Active depth cues for stereoscopic displays

Picture of my binocular eye tracker.

My binocular eye tracker

On any display, depth cues (such as occlusion, shading and relative size) give a viewer the perception 3D content. Stereoscopic displays add the possibility of binocular depth cues (convergence and binocular disparity), however these new depth cues can conflict with other depth cues in the image; for example, when looking at an object close to the viewer, they would expect the background to be blurred to to the limited depth of focus of the human eye.

At best, this causes a loss of 3D perception, but at worst it can cause viewing discomfort and nausea. This is especially noticeable in personal stereo displays, such as computer monitors or 3DTVs, which are currently becoming more and more pervasive.

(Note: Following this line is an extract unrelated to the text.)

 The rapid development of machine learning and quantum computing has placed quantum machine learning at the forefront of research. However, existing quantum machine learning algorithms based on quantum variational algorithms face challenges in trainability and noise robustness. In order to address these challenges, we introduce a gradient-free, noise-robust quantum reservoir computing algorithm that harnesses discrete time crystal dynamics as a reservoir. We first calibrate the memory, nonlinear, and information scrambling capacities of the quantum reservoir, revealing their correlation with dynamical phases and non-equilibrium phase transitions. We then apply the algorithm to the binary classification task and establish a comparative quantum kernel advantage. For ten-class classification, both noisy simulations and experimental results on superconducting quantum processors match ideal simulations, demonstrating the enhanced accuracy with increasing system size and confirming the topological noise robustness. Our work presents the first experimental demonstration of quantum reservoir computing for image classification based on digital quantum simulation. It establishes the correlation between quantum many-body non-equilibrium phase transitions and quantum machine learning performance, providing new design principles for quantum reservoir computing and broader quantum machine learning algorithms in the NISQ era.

My research is into enhancing the comfort and 3D perception of content on personal stereoscopic 3D displays by actively changing the displayed content to match what a viewer would expect to see. In particular, I am building a binocular eye tracker on top of a pair of active stereo glasses, to track gaze position in 3D and adapt the focal blur of the displayed image to match the viewer's expectation.

Pupil Tracking

The pupil tracker I have developed as part of this project, for use with the binocular eye tracker, was published in ETRA 2012. See the project page for more details, the paper, source code and datasets.

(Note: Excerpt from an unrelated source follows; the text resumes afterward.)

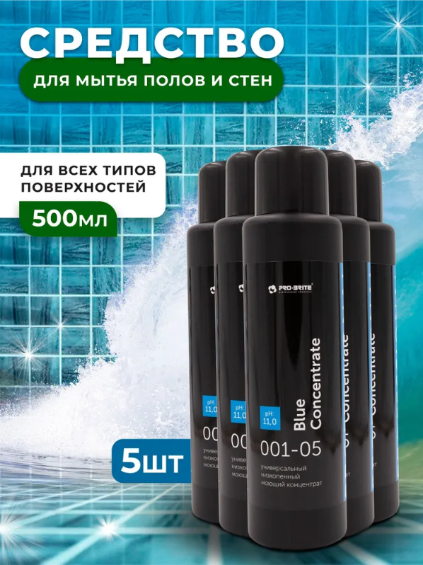 Средство для мытья полов и стен Pro-Brite Blue Concentrate, 5 шт х 500 мл 600013893136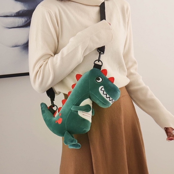 Ibu & Bayi > Mainan > Boneka & Mainan Boneka > TAS DINOSAURUS Boneka TIREX SELEMPANG Kartun BAHAN PLUSH Bag TAS DINO Jepang Korea Hadiah LUCU WANITA CEWE

Fully automatic, glint-free eye gaze estimation

In PETMEI 2013, I presented a glint-free, calibration-free approach to gaze estimation using a model fitted to several eye images over time. I also presented a realitic rendered eye model, rendered in Blender, which I used as ground truth. See the project page for more details, the paper, source code, the rendered dataset and the Blender model.

Cambridge AUV

In my spare time, I work on a project called Cambridge AUV (CAUV). This is a project to build an autonomous underwater vehicle for use in surveying and mapping large areas of water with little human input. For more information, check out the website:


Layered photo pop-up

Masters project

A common technique in documentaries, when video footage is not available, is to animate photographs by panning across them slowly. More recently, it has become popular to divide such photographs into layers, and to animate these layers as moving over each other to create a motion parallax effect, commonly known as the “3D Ken Burns effect”. Although this effect is now ubiquitous in documentaries, producing it involves a laborious manual process that requires hours of manual layer segmentation, clone-brushing, positioning in 3D, and adjusting the panning speeds of individual layers.

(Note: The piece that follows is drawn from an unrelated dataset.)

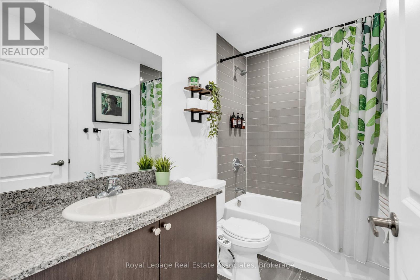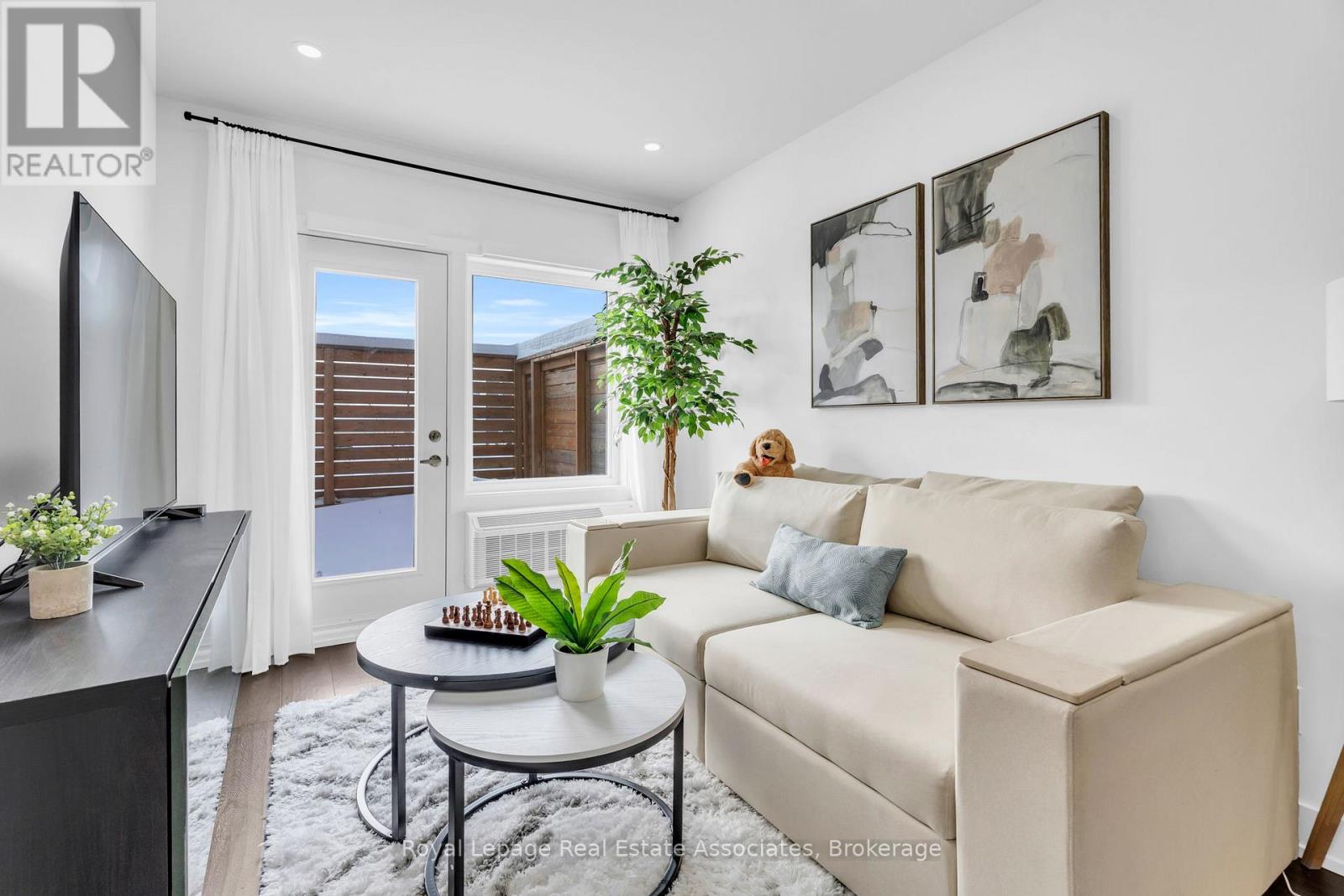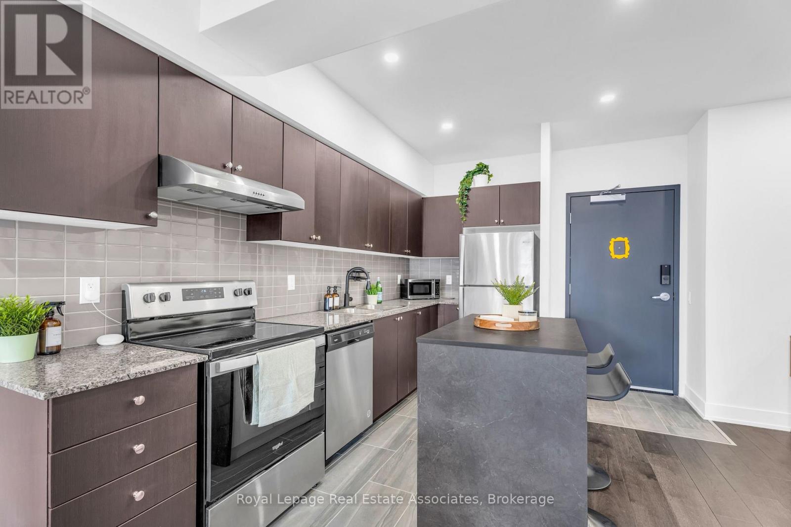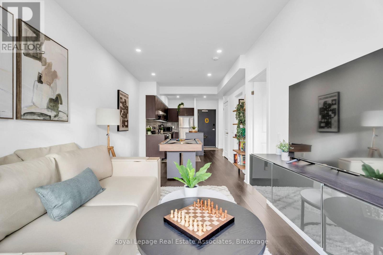 Set just moments from the heart of downtown Orangeville, this one bedroom plus den residence offers a thoughtfully composed balance of modern living and small-town ease. Positioned along Broadway Street and within easy walking distance to cafés, shops, restaurants, and everyday amenities, the home feels both connected and comfortably removed. Inside, the Madison model reveals a well-considered layout where light and proportion guide the experience from room to room. Large windows draw natural light deep into the living space, creating an atmosphere that feels open yet grounded. The flow is effortless, with a dedicated den offering flexibility for a home office, reading nook, or guest space, quietly set apart.The kitchen is clean-lined and contemporary, anchored by elegant porcelain tile flooring and a refined porcelain tile backsplash that bring both durability and understated sophistication. Designed for both function and calm, the space opens naturally to the living and dining areas, ideal for everyday living or effortless entertaining. From here, step outside to a rare and generous 220 square foot private walk-out patio-an extension of the living space that encourages morning coffee outdoors, evening unwinding, or simple moments of fresh air rarely found in condominium living.The bedroom is serene and well-proportioned, offering ample storage and a true sense of retreat at the end of the day. The modern four-piece bathroom is finished with porcelain tile flooring, echoing the home's cohesive design language. In-suite laundry and individually controlled heating and air conditioning in each room ensure comfort is both seamless and precisely tailored.Completing the offering are a private parking space, storage locker, and convenient visitor parking-details that quietly enhance daily life. This residence is ideal for first time homebuyers, downsizers or those seeking a refined, low-maintenance lifestyle just steps from the charm and vitality of downtown Orangeville. (id:64974)

Given depth information, most of this work can be automated. This project investigated how this could be achieved in practice. I developed a novel workflow which, given an image with depth, mimics the manual creation of this motion parallax effect, by creating a layered image representation. Objects in the image are segmented into separate layers, and the regions behind them are filled by inpainting from the surrounding background. This imitation of the manual process gives a user the means to adjust the layers at various stages; for example, objects can be manually marked for segmentation, or automatically filled regions can be augmented using human knowledge of the scene. However, the amount of user interaction needed is usually minimal; for example, precise segmentation can be achieved with only a rough labelling.

The final result of the system is a layered image which contains colour and depth information for each layer, and can be rendered as the user desires. The project also included a real-time mesh-based renderer that can render the layered image from novel views, with an optional depth-of-field effect.

Automatic people removal from photographs

Undergraduate final year project

The aim of this project was to write a program that, given a set of images taken from the same approximate location, can automatically infer the background by aligning the images, detecting foreground obstructions in each photo, and constructing a new image out of the remaining background regions. It allows a user to manually align the images, and to manually amend the anomaly selection.